Aim of the task:
Write the listing out again word for word, leaving each picture behind.

Supplied data:

+---+

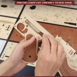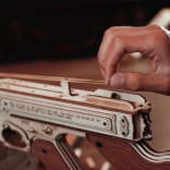 Ez a fa mechanikus építőkészlet a legendás THOMPSON géppisztoly valósághű élményét nyújtja. A pontos lézervágásnak köszönhetően az elemek tökéletesen illeszkednek, az összeszerelés gördülékeny és kielégítő. A befejezés után egy látványos modellt kapsz működő gumimechanizmussal, amely valóban lő.
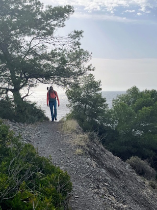De officiële route terug is langs de MA5105, maar daar hebben we geen trek in en we kiezen ervoor om opnieuw over de betonweg te lopen. Het is geen straf, want de terugweg ziet er altijd anders uit dan de heenweg. Voor ons zien we de Middellandse Zee liggen.
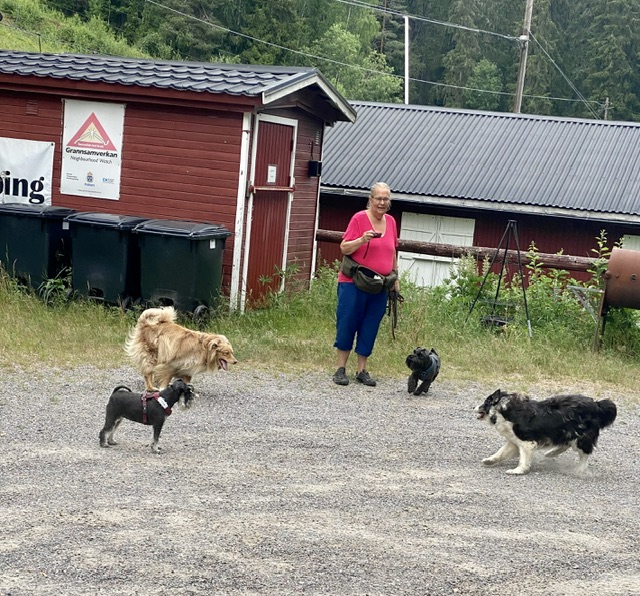 Matte kolla det är Helena och skogsröjargänget. Vi sprang dem till mötes och de oss, alla hälsade gott på varandra.

+---+

Answer for the task:
 Ez a fa mechanikus építőkészlet a legendás THOMPSON géppisztoly valósághű élményét nyújtja. A pontos lézervágásnak köszönhetően az elemek tökéletesen illeszkednek, az összeszerelés gördülékeny és kielégítő. A befejezés után egy látványos modellt kapsz működő gumimechanizmussal, amely valóban lő.
De officiële route terug is langs de MA5105, maar daar hebben we geen trek in en we kiezen ervoor om opnieuw over de betonweg te lopen. Het is geen straf, want de terugweg ziet er altijd anders uit dan de heenweg. Voor ons zien we de Middellandse Zee liggen.
 Matte kolla det är Helena och skogsröjargänget. Vi sprang dem till mötes och de oss, alla hälsade gott på varandra.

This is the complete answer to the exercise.